Thank you for the suggestions. The goal of this api-server project is to be OpenAI-compatible so that OpenAI tools can directly switch to a private WasmEdge server. That means to conform to the OpenAI JSON format.

However, a key feature of LlamaEdge is that it is also a development platform. You should be able to modify the api-server Rust source code so that it simply returns the model response in the HTTP body as markdown instead of assembling it into a JSON string. Here is a simplified example that shows how to call the LLM inference function from the Rust code.

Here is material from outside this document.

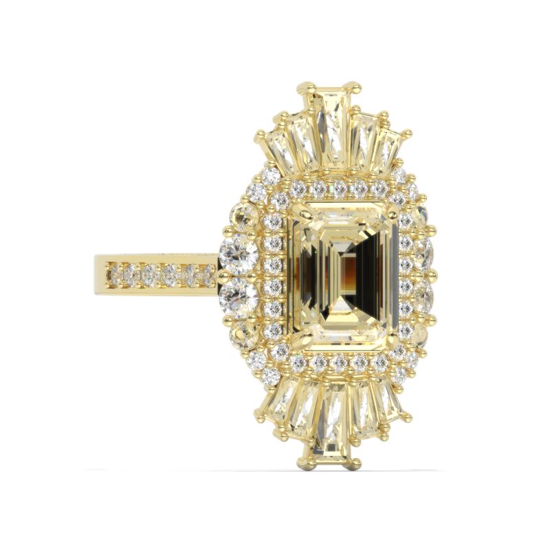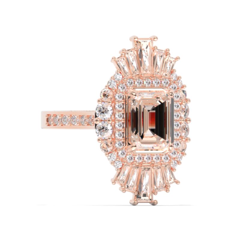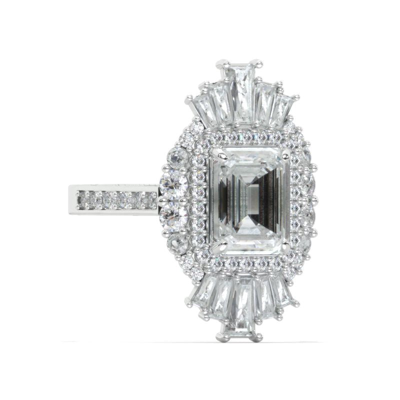 The default design option features Approximately 3+ Carat LAB-Grown Diamond 9x7mm Emerald Cut Center Stone, D-Colorless, VVS1-Clarity, VG-Cut, Ex-Polish, VG-Symmetry

https://github.com/second-state/WasmEdge-WASINN-examples/tree/master/wasmedge-ggml/llama

Once you compile you new api server to Wasm, you should be able to deploy it to run on any device.

Do you want to give it a try? :)

hi Juntao,
I have tried to build this project ,but it doesn't work now

➜ llama git:(master) wasmedge --dir .:.
--nn-preload default:GGML:AUTO:llama-2-7b-chat.Q5_K_M.gguf
wasmedge-ggml-llama.wasm default
[2024-03-08 14:47:38.461] [error] instantiation failed: module name conflict, Code: 0x60
[2024-03-08 14:47:38.462] [error] At AST node: module
[2024-03-08 14:47:38.467] [error] [WASI-NN] GGML backend: Error: unable to init model.
thread 'main' panicked at 'Failed to build graph: BackendError(InvalidArgument)', src/main.rs:83:17
note: run with RUST_BACKTRACE=1 environment variable to display a backtrace
[2024-03-08 14:47:38.467] [error] execution failed: unreachable, Code: 0x89
[2024-03-08 14:47:38.467] [error] In instruction: unreachable (0x00) , Bytecode offset: 0x000143d7
[2024-03-08 14:47:38.467] [error] When executing function name: "_start"
➜ llama git:(master)

Do you have the llama-2-7b-chat.Q5_K_M.gguf file in your local directory? What is its size? (i.e., ls -al)

Also, I want to note that the wasmedge-ggml-llama.wasm is NOT the API server app.